++++ Data for this exercise ++++
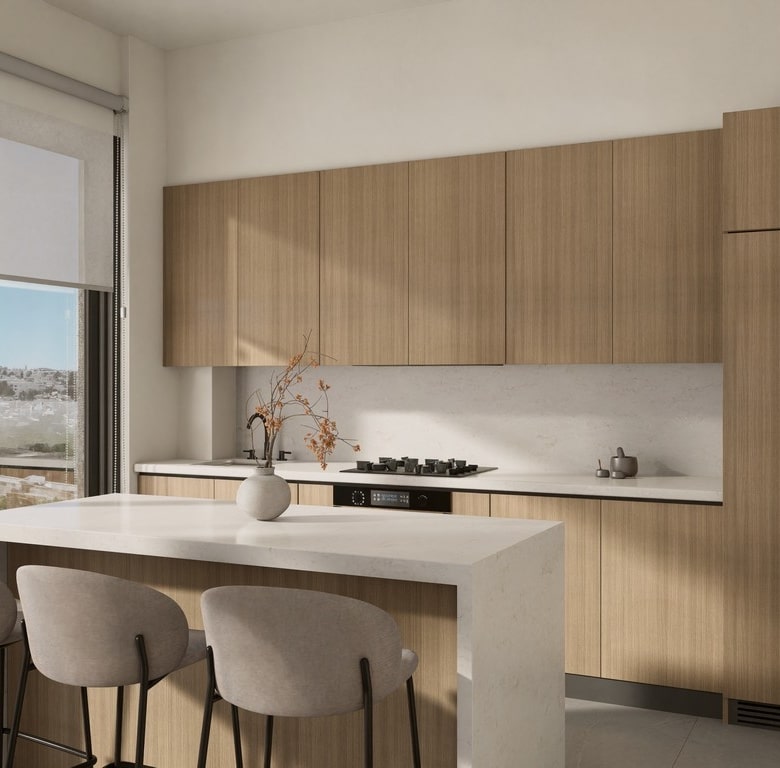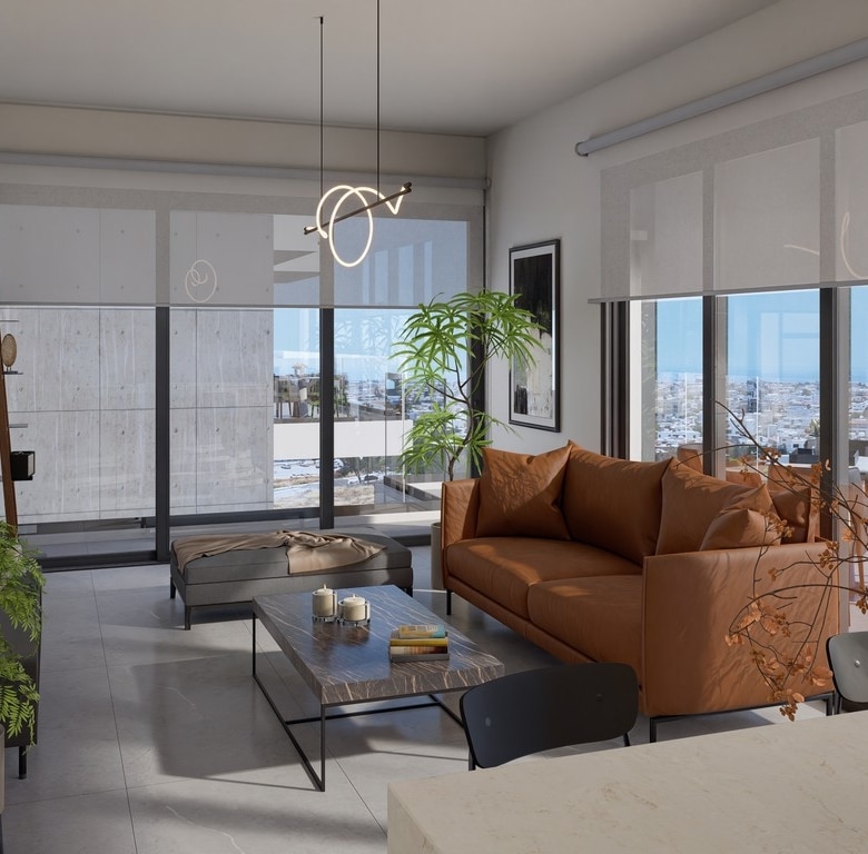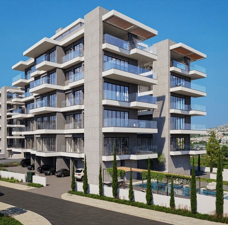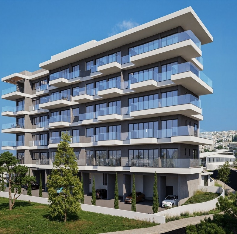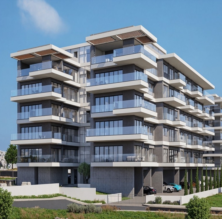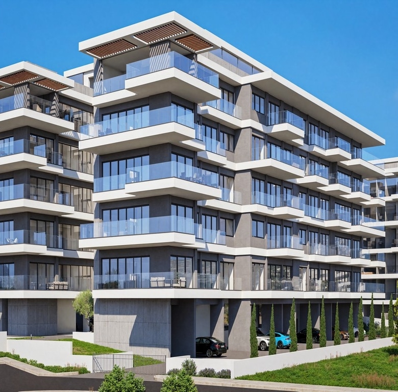 Galaxy Residences is a contemporary development comprising two five-storey buildings with a selection of 2- and 3-bedroom apartments, most of which enjoy excellent sea views. The project has been carefully designed with modern architecture, large windows, sleek lines, and concrete finishes, combining style with functionality.
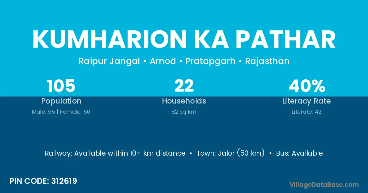 Kumharion Ka Pathar village has a total population of 105 people, of which 55 are males and 50 are females.
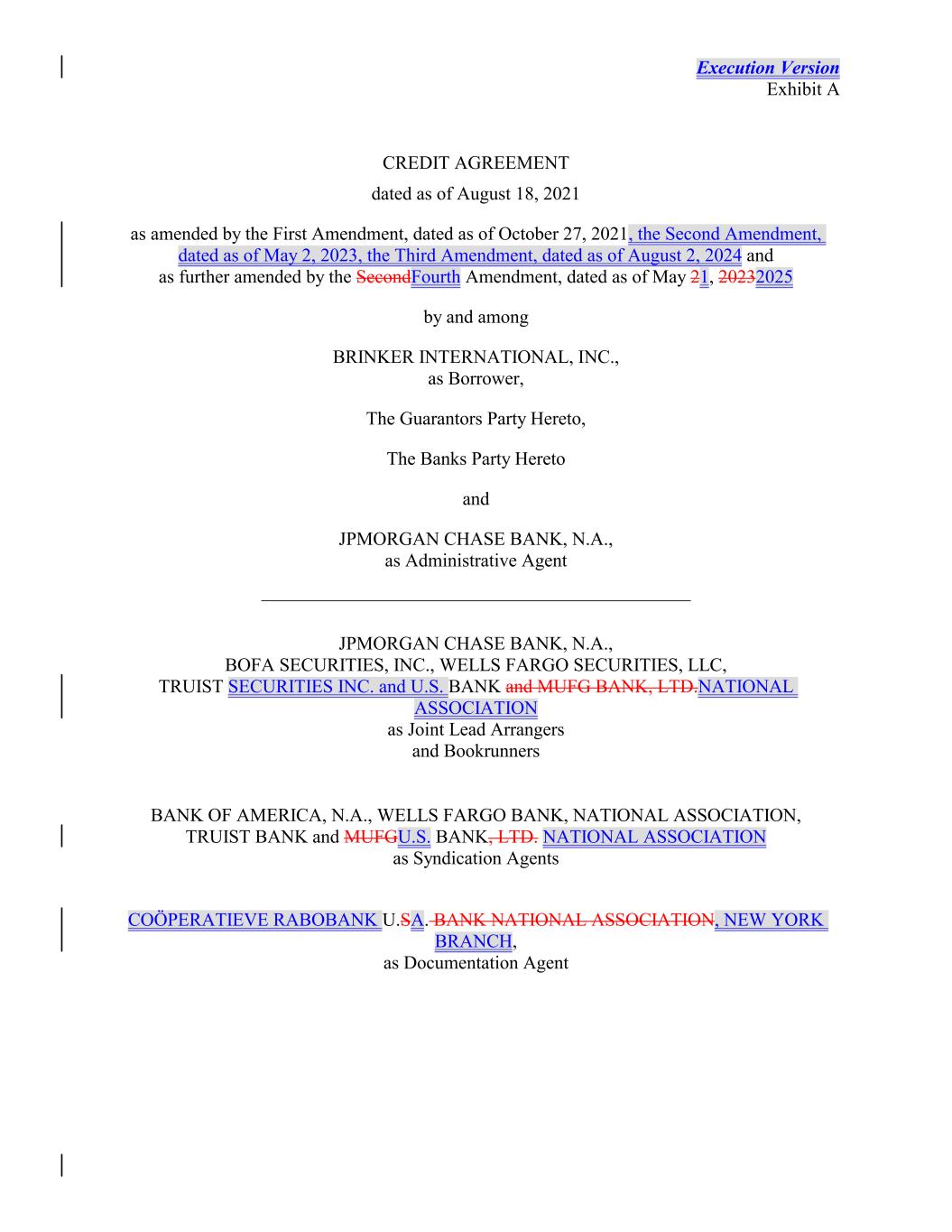 Execution Version Exhibit A CREDIT AGREEMENT dated as of August 18, 2021 as amended by the First Amendment, dated as of October 27, 2021, the Second Amendment, dated as of May 2, 2023, the Third Amendment, dated as of August 2, 2024 and as further amended by the SecondFourth Amendment, dated as of May 21, 20232025 by and among BRINKER INTERNATIONAL, INC., as Borrower, The Guarantors Party Hereto, The Banks Party Hereto and JPMORGAN CHASE BANK, N.A., as Administrative Agent ______________________________________________ JPMORGAN CHASE BANK, N.A., BOFA SECURITIES, INC., WELLS FARGO SECURITIES, LLC, TRUIST SECURITIES INC. and U.S. BANK and MUFG BANK, LTD.NATIONAL ASSOCIATION as Joint Lead Arrangers and Bookrunners BANK OF AMERICA, N.A., WELLS FARGO BANK, NATIONAL ASSOCIATION, TRUIST BANK and MUFGU.S. BANK, LTD. NATIONAL ASSOCIATION as Syndication Agents COÖPERATIEVE RABOBANK U.SA. BANK NATIONAL ASSOCIATION, NEW YORK BRANCH, as Documentation Agent
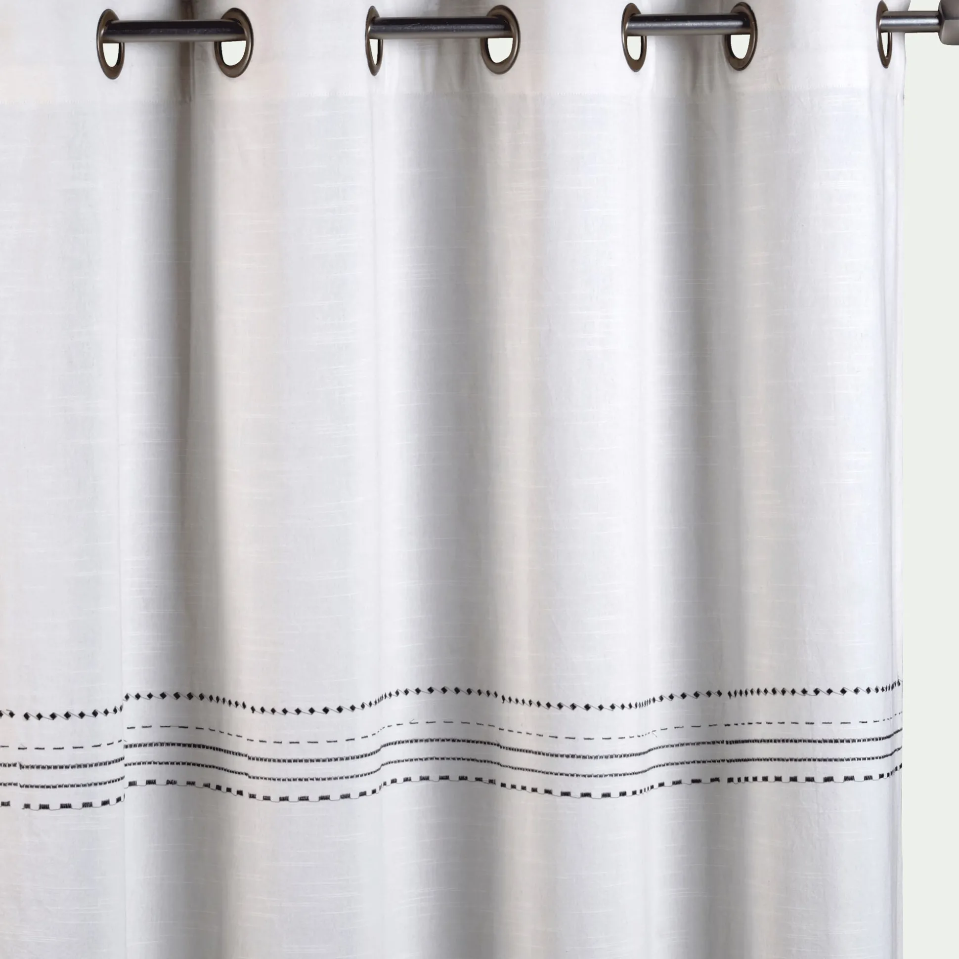 Medine est un rideau très élégant qui joue sur un léger contraste entre le noir et le blanc. Très lumineux, puisque majoritairement blanc, ce rideau doit son originalité à une succession de points de broderie divers. Ses oeillets lui permettent de coulisser facilement sur la tringle pour tamiser la pièce en mouvement. Plein de charme, ce rideau habille avec grâce l’espace et s’associe avec bon nombre de décorations.
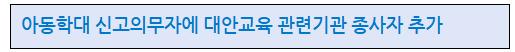 직접 교육·보호하는 지위에 있는 대안교육기관 등의 종사자에게도 신고의무를 부여하였습니다.
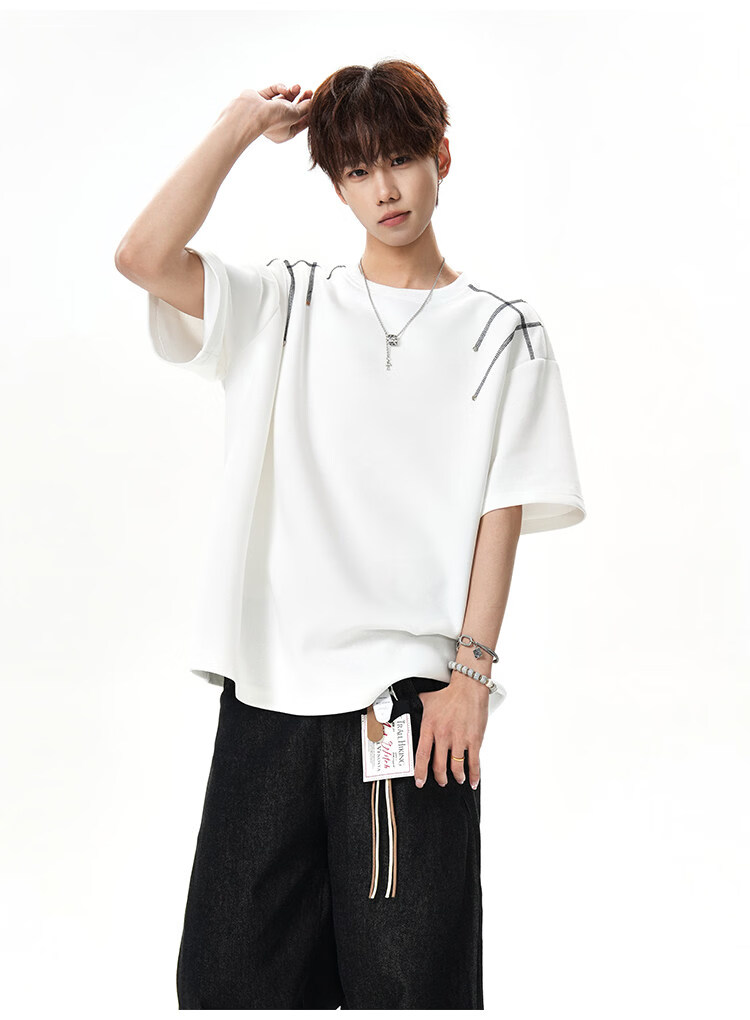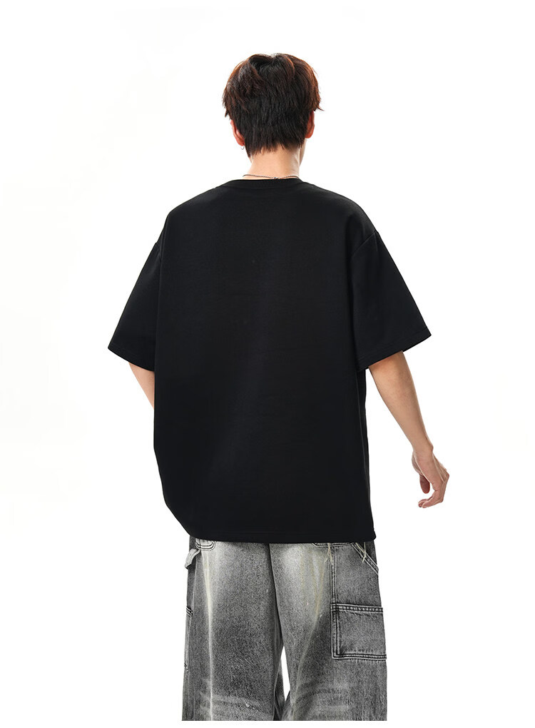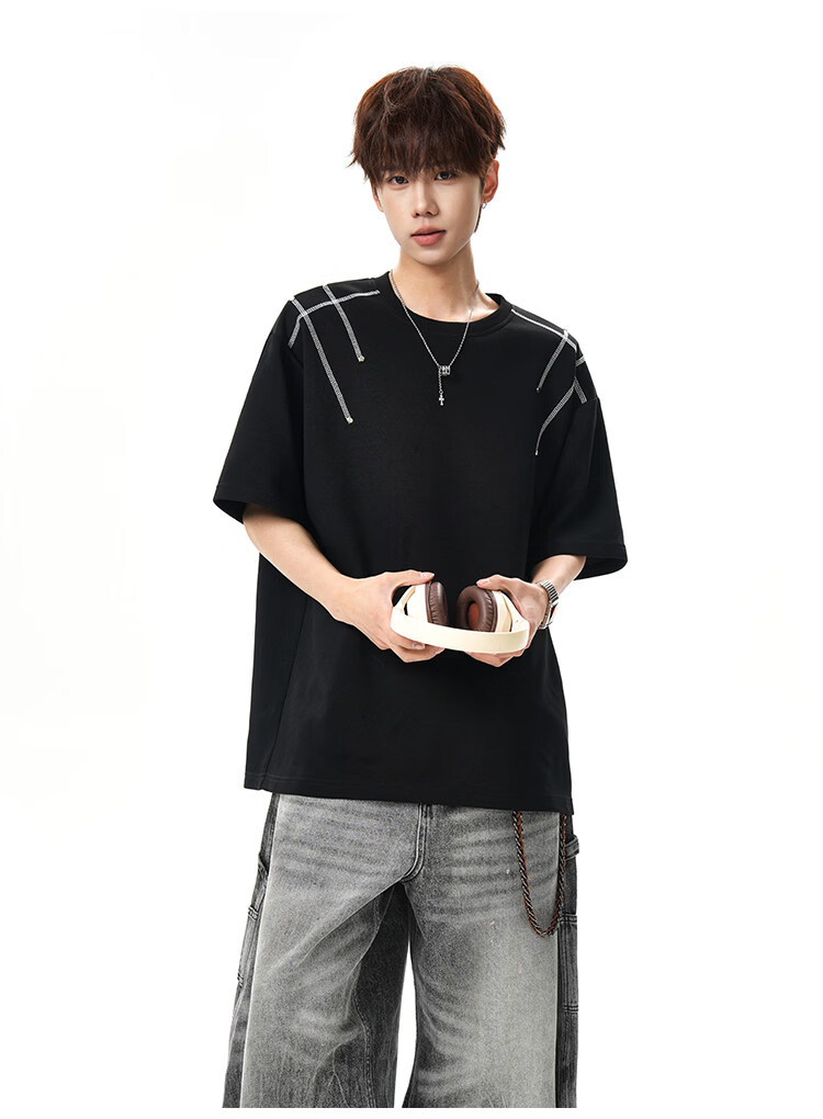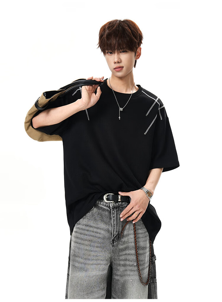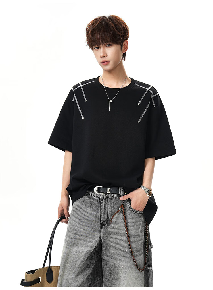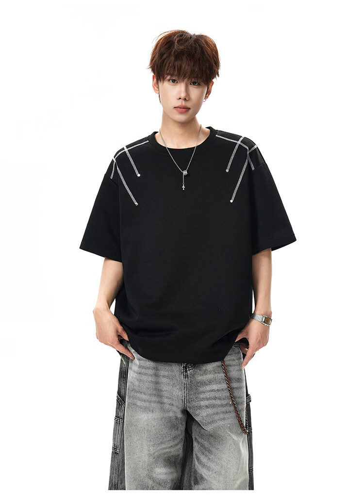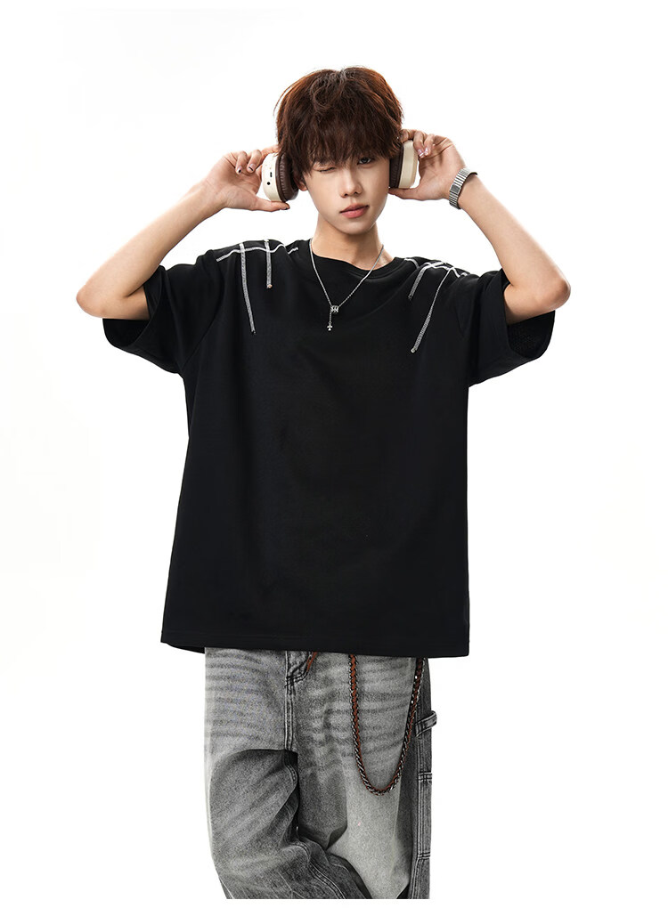 NEW OR MODE重磅哈苏线铆钉短袖t恤男夏季宽松高街痞帅青少年百搭情侣打底衫 黑色【高品质】 XL 【建议125-145斤】
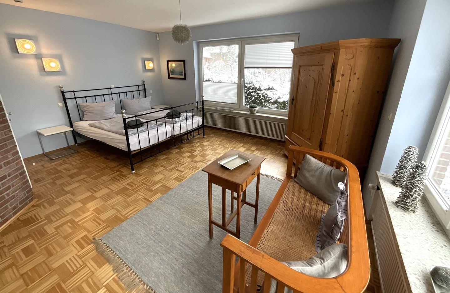 Schlafzimmer 2 Souterrain: Doppelbett (Maße: 180 x 200 cm) mit 2 Matratzen 90x200 cm Leselampe, Kleiderschrank, Gardinen (nicht verdunkelnd) Bettwäsche auf Anfrage
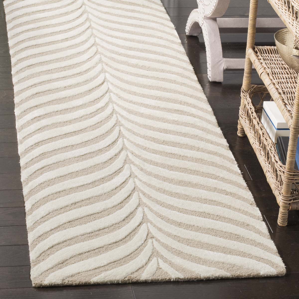 Constructed from the finest wool, this rug offers both durability and a soft, inviting texture underfoot. Ideal for adding a touch of elegance to smaller spaces, its ivory and grey color palette infuses a sense of calm and sophistication into your room's decor.
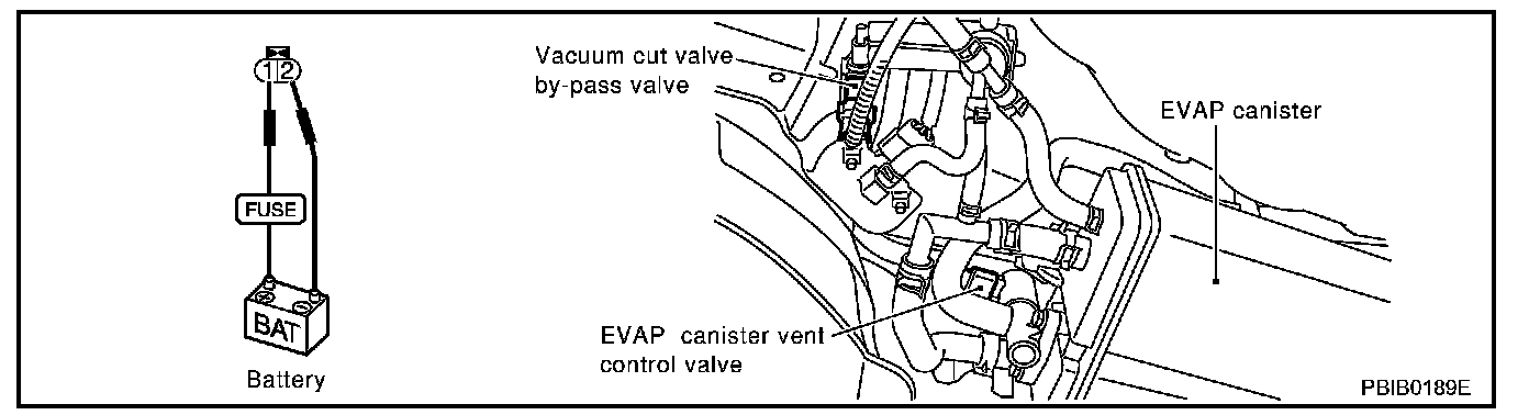 3. Apply battery voltage to between the terminals of both EVAP canister vent control valve and vacuum cut valve bypass valve to make a closed EVAP system.
++++
Every entry above, pictures excluded, needs to be duplicated exactly.

 Galaxy Residences is a contemporary development comprising two five-storey buildings with a selection of 2- and 3-bedroom apartments, most of which enjoy excellent sea views. The project has been carefully designed with modern architecture, large windows, sleek lines, and concrete finishes, combining style with functionality.
 Kumharion Ka Pathar village has a total population of 105 people, of which 55 are males and 50 are females.
 Execution Version Exhibit A CREDIT AGREEMENT dated as of August 18, 2021 as amended by the First Amendment, dated as of October 27, 2021, the Second Amendment, dated as of May 2, 2023, the Third Amendment, dated as of August 2, 2024 and as further amended by the SecondFourth Amendment, dated as of May 21, 20232025 by and among BRINKER INTERNATIONAL, INC., as Borrower, The Guarantors Party Hereto, The Banks Party Hereto and JPMORGAN CHASE BANK, N.A., as Administrative Agent ______________________________________________ JPMORGAN CHASE BANK, N.A., BOFA SECURITIES, INC., WELLS FARGO SECURITIES, LLC, TRUIST SECURITIES INC. and U.S. BANK and MUFG BANK, LTD.NATIONAL ASSOCIATION as Joint Lead Arrangers and Bookrunners BANK OF AMERICA, N.A., WELLS FARGO BANK, NATIONAL ASSOCIATION, TRUIST BANK and MUFGU.S. BANK, LTD. NATIONAL ASSOCIATION as Syndication Agents COÖPERATIEVE RABOBANK U.SA. BANK NATIONAL ASSOCIATION, NEW YORK BRANCH, as Documentation Agent
 Medine est un rideau très élégant qui joue sur un léger contraste entre le noir et le blanc. Très lumineux, puisque majoritairement blanc, ce rideau doit son originalité à une succession de points de broderie divers. Ses oeillets lui permettent de coulisser facilement sur la tringle pour tamiser la pièce en mouvement. Plein de charme, ce rideau habille avec grâce l’espace et s’associe avec bon nombre de décorations.
 직접 교육·보호하는 지위에 있는 대안교육기관 등의 종사자에게도 신고의무를 부여하였습니다.
 NEW OR MODE重磅哈苏线铆钉短袖t恤男夏季宽松高街痞帅青少年百搭情侣打底衫 黑色【高品质】 XL 【建议125-145斤】
 Schlafzimmer 2 Souterrain: Doppelbett (Maße: 180 x 200 cm) mit 2 Matratzen 90x200 cm Leselampe, Kleiderschrank, Gardinen (nicht verdunkelnd) Bettwäsche auf Anfrage
 Constructed from the finest wool, this rug offers both durability and a soft, inviting texture underfoot. Ideal for adding a touch of elegance to smaller spaces, its ivory and grey color palette infuses a sense of calm and sophistication into your room's decor.
 3. Apply battery voltage to between the terminals of both EVAP canister vent control valve and vacuum cut valve bypass valve to make a closed EVAP system.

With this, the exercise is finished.